[Stored records]
_ _ _ _ _ _ _

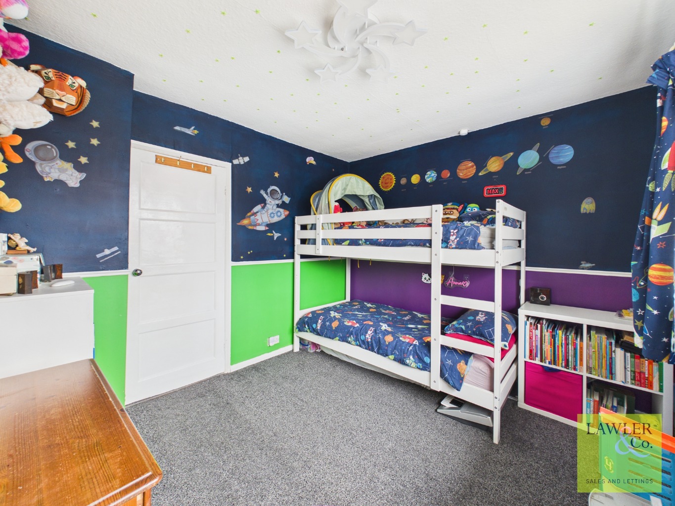 The sense of space continues upstairs with two generously sized bedrooms, both well-proportioned and ideal for a range of needs. The property also benefits from excellent storage throughout, including fitted wardrobes and a fully boarded loft, providing practical and easily accessible additional space.
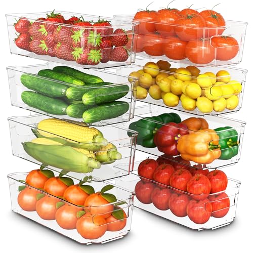 KICHLY Organizadores para la despensa ASPECTOS CLAVE – Juego de 8 -Compartimentos de almacenamiento para cocina, despensa, armarios, encimeras y refrigerador – sin BPA (Transparente)
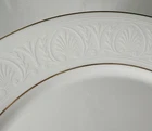 Set of 4 Lenox Hannah Gold Debut Collection Bone China Dinner Plates. Approximately 10 7/8” wide. Plates are in excellent pre-owned condition.
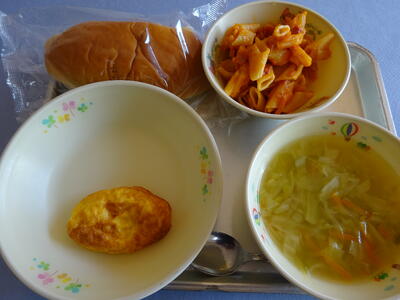 ミルクパン、冬トマトのベンネ、オムレツ、野菜スープ、牛乳(552kcal)
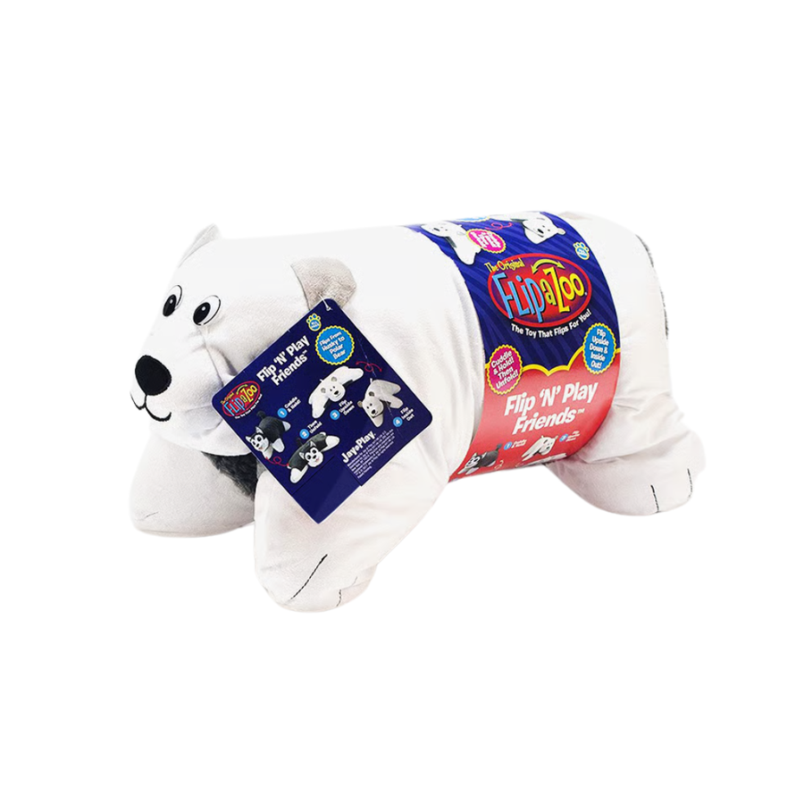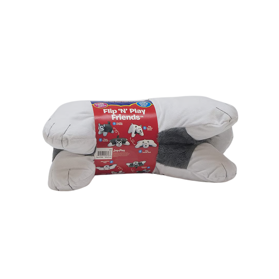 Get twice the cuddles with Jay at Play's Flip N Play Friends! This soft and huggable pillow toy flips inside out to reveal a cuddly Husky on one side and a lovable Polar Bear on the other. Designed with premium, ultra-soft polyester, it's the perfect companion for nap time, road trips, and everyday play. Whether you're at home or away, this 2-in-1 stuffed animal is a comforting friend your child will love to snuggle with.
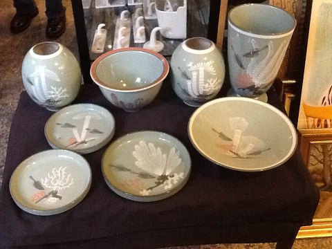 Levant 1922-1462 Skål 18 cm, Levant Nils Thorsson 1938-1940 Kunststengods med tang / koral / fiskedekoration Aluminia kunstfajance
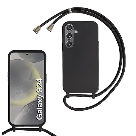 SLWYF Compatible with Samsung Galaxy S24 Crossbody Lanyard Case, Liquid Silicone Protective Phone Case with Strap Adjustable Neck Cord Necklace Soft Cover for Samsung Galaxy S24, Black
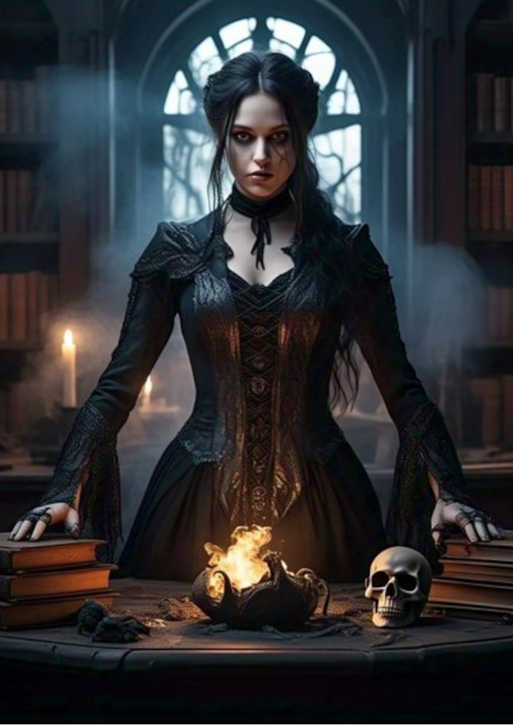 Gothic witch T-shirt chest piece. highly detailed, print ready.
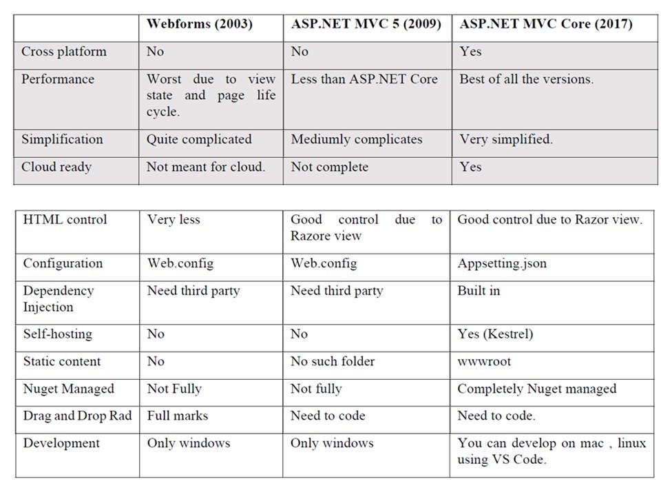 Can you explain the difference between MVC core vs MVC 5 vs Webforms?
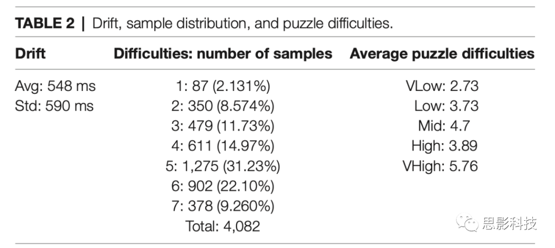 表2.評(píng)級(jí)分布。第二列為被試報(bào)告7點(diǎn)難度等級(jí)中各難度的問(wèn)題數(shù)量,第三列為不同難度問(wèn)題的難度評(píng)分均值。
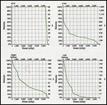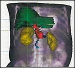 Figure 6 represents a digitally reconstructed (computer-generated) radiograph of a patient with a proximal/mid-duct cholangiocarcinoma treated in the preoperative setting. Figures 7 and 8 demonstrate axial images with varying beam orientations used in treatment. Figure 9 demonstrates a dose-volume histogram (DVH) generated through 3D planning. The DVH displays the volume of tumor and surrounding normal tissues and organs receiving a specified radiation dose level.
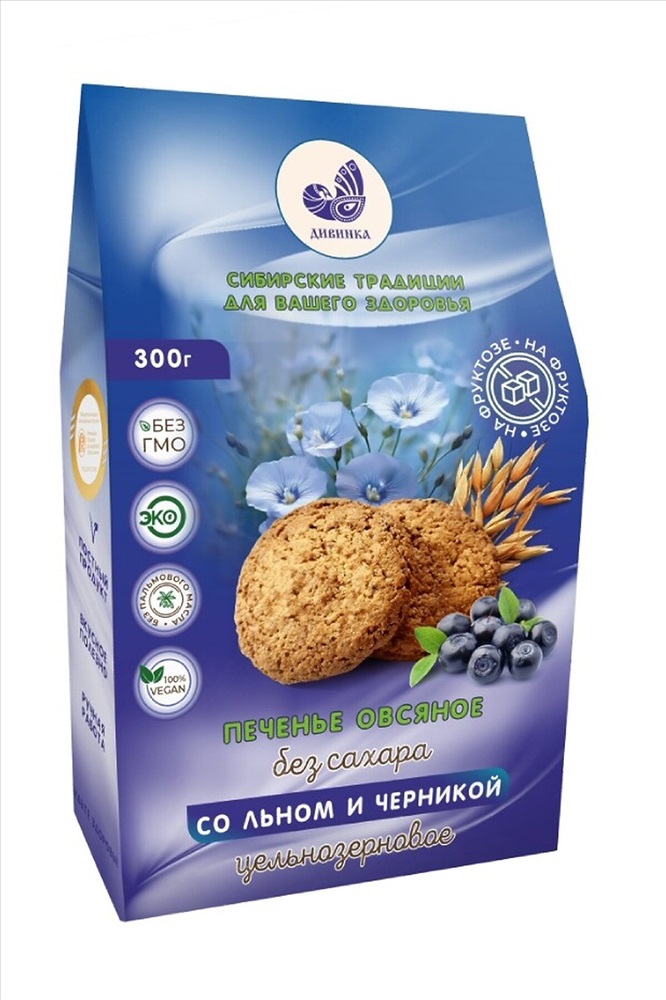 Печенье овсяное ц/з с льном, отрубями и черникой на фруктозе 300г ЭКОПРОДУКТЫ, 1182558
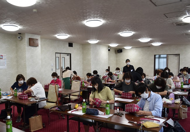 JA長生女性部短期大学は、本所において第5回講座「手芸教室(クラフトバンド)」を開催しました。短期大学生13名、女性部役員11名が参加。講師を招いて基礎からしっかりと学びました。
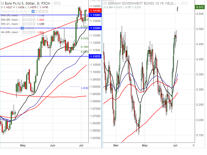 - German Bund yield crossed 0.5% for the first time since Jan 2016 and closed at 0.56%. German Bund and Euro have positive correlation. So jump in yield confirms minor jump in euro till 1.1500.
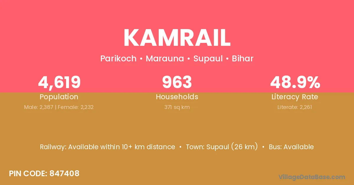 Supaul (26 km) is the nearest town to Kamrail village for major economic activities and is located approximately 26 km away.
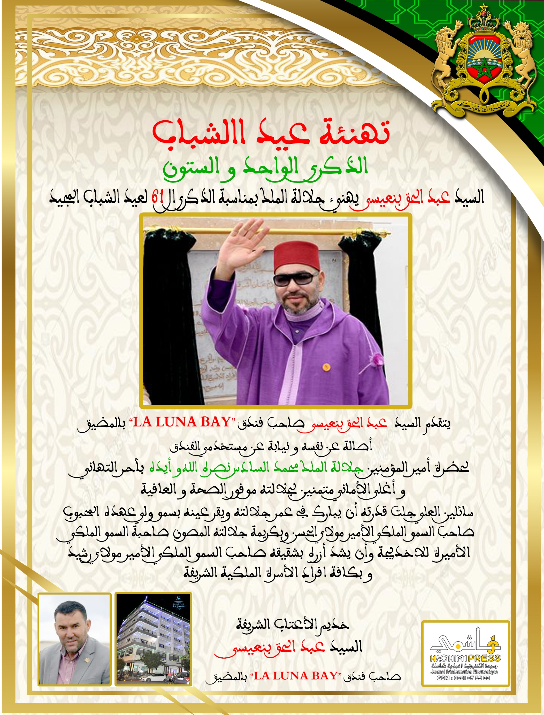 السيد عبد الحق بنعيسى صاحب فندق La luna bay بالمضيق يهنئ جلالة الملك بمناسبة الذكرى ال 61 لعيد الشباب المجيد في أغسطس 21- 2024 0 315 انشر 0 315 انشر
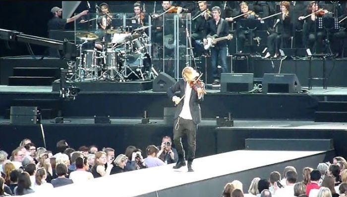 Виртуозният цигулар Дейвид Гарет представя своите "рок-симфонии" в концерт на открито в Берлин.

_ _ _ _ _ _ _

- _AIM OF THE EXERCISE_
The entries must be written out again unchanged. Images are to be left out.

- _EXERCISE RESULT_
 The sense of space continues upstairs with two generously sized bedrooms, both well-proportioned and ideal for a range of needs. The property also benefits from excellent storage throughout, including fitted wardrobes and a fully boarded loft, providing practical and easily accessible additional space.
 KICHLY Organizadores para la despensa ASPECTOS CLAVE – Juego de 8 -Compartimentos de almacenamiento para cocina, despensa, armarios, encimeras y refrigerador – sin BPA (Transparente)
 Set of 4 Lenox Hannah Gold Debut Collection Bone China Dinner Plates. Approximately 10 7/8” wide. Plates are in excellent pre-owned condition.
 ミルクパン、冬トマトのベンネ、オムレツ、野菜スープ、牛乳(552kcal)
 Get twice the cuddles with Jay at Play's Flip N Play Friends! This soft and huggable pillow toy flips inside out to reveal a cuddly Husky on one side and a lovable Polar Bear on the other. Designed with premium, ultra-soft polyester, it's the perfect companion for nap time, road trips, and everyday play. Whether you're at home or away, this 2-in-1 stuffed animal is a comforting friend your child will love to snuggle with.
 Levant 1922-1462 Skål 18 cm, Levant Nils Thorsson 1938-1940 Kunststengods med tang / koral / fiskedekoration Aluminia kunstfajance
 SLWYF Compatible with Samsung Galaxy S24 Crossbody Lanyard Case, Liquid Silicone Protective Phone Case with Strap Adjustable Neck Cord Necklace Soft Cover for Samsung Galaxy S24, Black
 Gothic witch T-shirt chest piece. highly detailed, print ready.
 Can you explain the difference between MVC core vs MVC 5 vs Webforms?
 表2.評(píng)級(jí)分布。第二列為被試報(bào)告7點(diǎn)難度等級(jí)中各難度的問(wèn)題數(shù)量,第三列為不同難度問(wèn)題的難度評(píng)分均值。
 Figure 6 represents a digitally reconstructed (computer-generated) radiograph of a patient with a proximal/mid-duct cholangiocarcinoma treated in the preoperative setting. Figures 7 and 8 demonstrate axial images with varying beam orientations used in treatment. Figure 9 demonstrates a dose-volume histogram (DVH) generated through 3D planning. The DVH displays the volume of tumor and surrounding normal tissues and organs receiving a specified radiation dose level.
 Печенье овсяное ц/з с льном, отрубями и черникой на фруктозе 300г ЭКОПРОДУКТЫ, 1182558
 JA長生女性部短期大学は、本所において第5回講座「手芸教室(クラフトバンド)」を開催しました。短期大学生13名、女性部役員11名が参加。講師を招いて基礎からしっかりと学びました。
 - German Bund yield crossed 0.5% for the first time since Jan 2016 and closed at 0.56%. German Bund and Euro have positive correlation. So jump in yield confirms minor jump in euro till 1.1500.
 Supaul (26 km) is the nearest town to Kamrail village for major economic activities and is located approximately 26 km away.
 السيد عبد الحق بنعيسى صاحب فندق La luna bay بالمضيق يهنئ جلالة الملك بمناسبة الذكرى ال 61 لعيد الشباب المجيد في أغسطس 21- 2024 0 315 انشر 0 315 انشر
 Виртуозният цигулар Дейвид Гарет представя своите "рок-симфонии" в концерт на открито в Берлин.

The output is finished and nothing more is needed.